Back in 2011, Jeff wrote an excellent blog post discussing types of alternate bans:
A hellbanned user is invisible to all other users, but crucially, not himself. From their perspective, they are participating normally in the community but nobody ever responds to them. (Hellban is also known as “shadowban.”)
A slowbanned user has delays forcibly introduced into every page they visit.
An errorbanned user has errors inserted at random into pages they visit.
I see that there’s a Discourse Shadowban plugin. But shadowban/hellbans are fairly easy for the banned user to discover: just browse the forum logged out.
Would the Discourse team consider implementing slowban or errorban? Or would that have to be a plugin?
What a slowban does that locking a user to trust level 0 (and the consequent rate limits this brings) doesn’t?
IMO locking problematic users, who aren’t as bad to warrant a suspension or a ban, to lower trust levels and they rate limits works fine. It’s what we do on Meta.
Formal suspensions and bans can result in the user retaliating, even off-forum. “A ban! They’re trying to silence me! I’m getting a response and that’s exciting! I’ll try to rally the forum to show how evil the moderators are!”
Secret bans are a way to penalize a user without causing the user to retaliate. Ideally, they just lose interest in the forum.
As Jeff pointed out in the post:
I’ve personally talked to people in charge of large online communities – ones you probably participate in every day – and part of the reason those communities haven’t broken down into utter chaos by now is because they secretly hellban and slowban their most problematic users. These solutions do neatly solve the problem of getting troublesome users to “voluntarily” decide to leave a community with a minimum of drama. It’s hard to argue with techniques that are proven to work.
That is not what I suggested at all. I asked why not lock this user in a lower trust level in order to rate limit the user, effectively making him post slower (as in less post frequency).
We have no plans in the foreseeable future to build slowban, errorban, hellban, disemvowling, automated retaliatory DoS attacks, downloadfloodban, bitcoinban and any other retaliatory features into the core product.
We also have no plans to build plugins around this area.
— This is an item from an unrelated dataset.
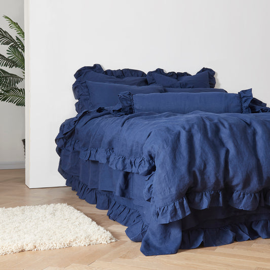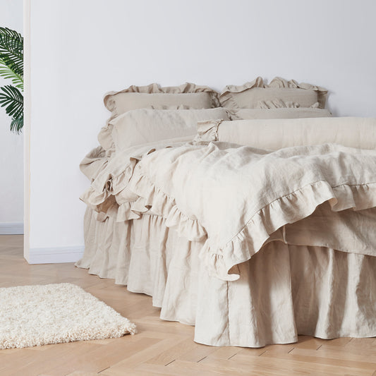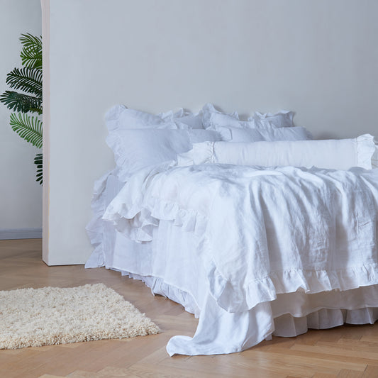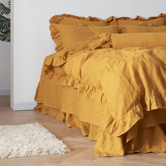 Improve your sleep and upgrade your bedroom style with a ruffled linen duvet cover today!
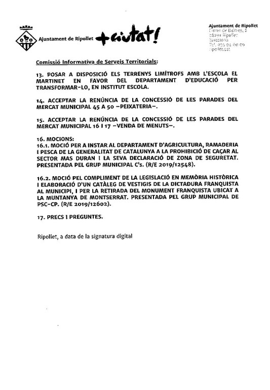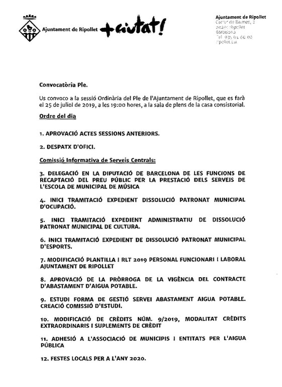 Més tard es votarà la modificació de crèdits número 9/2019, amb la modalitat de crèdits extraordinaris i suplements de crèdit, i l'adhesió de l'Ajuntament a l'associació de municipis i entitats per l'aigua pública. Tot seguit, el punt número 12 tractarà de les Festes Locals per a l'any 2020.

This kind of stuff would have to be in a third party plugin.
Just bear in mind customers don’t get that option, a potential exists for bitterness, might want to simmer back burner ideas how to get the two to meet, customer desires and workforce responsibilities,
I guess that’s why the limitations, extra work when things don’t mesh well
Another take is that more powerful banning tools answer the same problem as better moderation. While there will always be trolls, many cases of troublesome users can be corrected with consistent and communicative action from mods. A community is not a democracy (so thus enforce the rules of participation), but give people a chance to make better choices with their behavior first. It’s the dignified and respectful thing to do, in my opinion.